Yes, but she really hit him. I agree with you, but she didn't need to use so much force to the point where he gets nervous around her.


----------



## Golden Horse (Feb 20, 2010)

Amount of force is difficult, but if a horse tried to run me over I would hit it as hard as I could, and it would still only feel like a love tap compared to being kicked by a pasture mate for doing the same thing.

I very much doubt your horse is traumatised. My trainer often stands where I am having trouble, and it is my job to make sure that Fergie doesn't get close to her.....so I ride her properly to avoid that happening


----------



## mkmurphy81 (May 8, 2015)

If my horse had a habit of refusing jumps, it would be traumatized by me every time it tried that. If a horse tried to run me over, it would be traumatized so it would never try that again. 

*standard disclaimer: Yes, I'm exaggerating. A well deserved smack won't traumatize a horse.


----------



## SlideStop (Dec 28, 2011)

Totally agree with the others. 

You are probably more traumatized then the horse!


----------



## GallopGirl9324 (Jul 27, 2015)

I'm not over exaggerating this. Even some of the other girls at my barn noticed how spooked he gets around her. Don't get me wrong, I have no problem smacking my horse if he doesn't listen, but she literally clocked him in his face.


----------



## Yogiwick (Sep 30, 2013)

He learned his lesson and will get over it. ONE deserved hit will not traumatize a horse. Beating on, or unfair punishment yes, but sounds like he's just being a drama queen and you are buying into it. Ignore him and see how long it lasts. He did something dangerous and got corrected for it, that is life. Some horses are wimps about it and/or spoiled and you should treat them exactly the same.
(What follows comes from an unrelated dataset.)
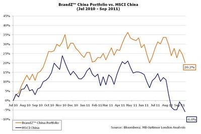 盡管2011年世界經(jīng)濟(jì)仍處在掙扎中,50強(qiáng)品牌的總市值增長16%達(dá)到了3250億美元,略高于中國經(jīng)濟(jì)的5%。

I'm not sure what you think an appropriate response for trampling people is?


----------



## GallopGirl9324 (Jul 27, 2015)

I would have been ok is she had smacked him in the stomach or something, but in the face?


----------



## Dreamcatcher Arabians (Nov 14, 2010)

I would have smacked him where ever it landed, as hard as I could have, with whatever I could get my hands on at the moment. Had I been your trainer, I would also have gotten on that horse and given him a CTJ to the point he'd really think about running out again. I would not allow a horse to nearly run over me nor to develop the "habit" of running out on jumps and especially wouldn't do it just because the owner didn't think I ought to hit her horse. And if you complained, I would tell you that you no longer needed me for your trainer.


----------



## GallopGirl9324 (Jul 27, 2015)

Wow. Didn't realize I was being such a wimp. Honestly, thanks for all your opinions, but I will decide what to do with my horse. Not trying to be rude or mean, but we all have our own opinions. 
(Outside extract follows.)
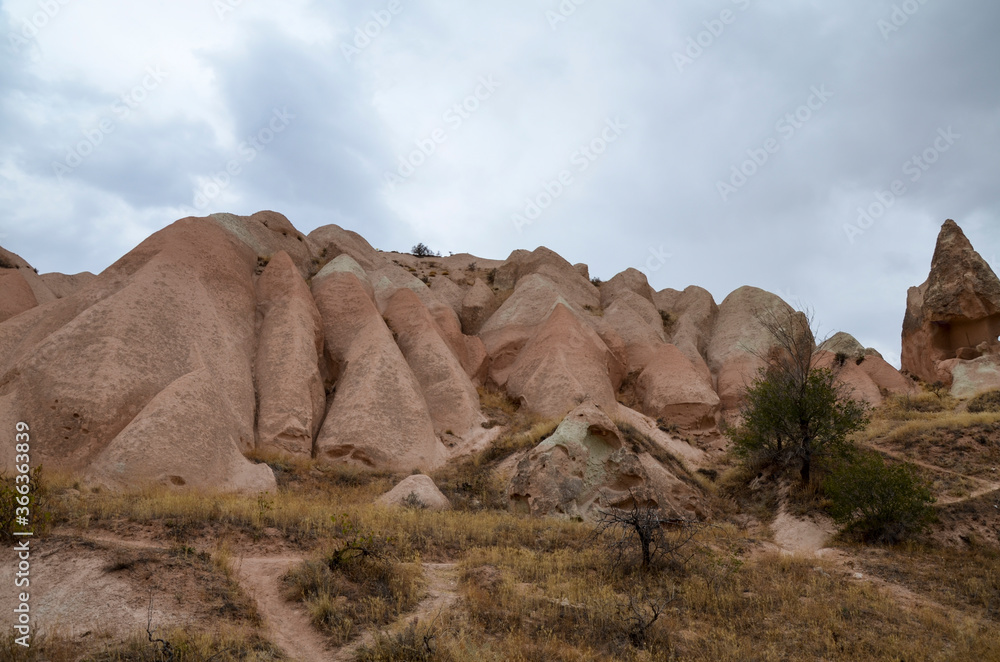 Unique limestone pyramids with beautiful old rock formations in Cappadocia, Goreme, Turkey

And also, I've only had my horse for about 2 months, and before that, he was used as a lesson horse, so I'm definitely not blaming myself for his bad habit of ducking out.


----------



## Golden Horse (Feb 20, 2010)

GallopGirl9324 said:


> Wow. Didn't realize I was being such a wimp. Honestly, thanks for all your opinions, but I will decide what to do with my horse. Not trying to be rude or mean, but we all have our own opinions.


You are being a whimp, and maybe you need to toughen up maybe, yes your horse, but if his manners are so lacking that he will run someone over that needs to be addressed PDQ.



GallopGirl9324 said:


> And also, I've only had my horse for about 2 months, and before that, he was used as a lesson horse, so I'm definitely not blaming myself for his bad habit of ducking out.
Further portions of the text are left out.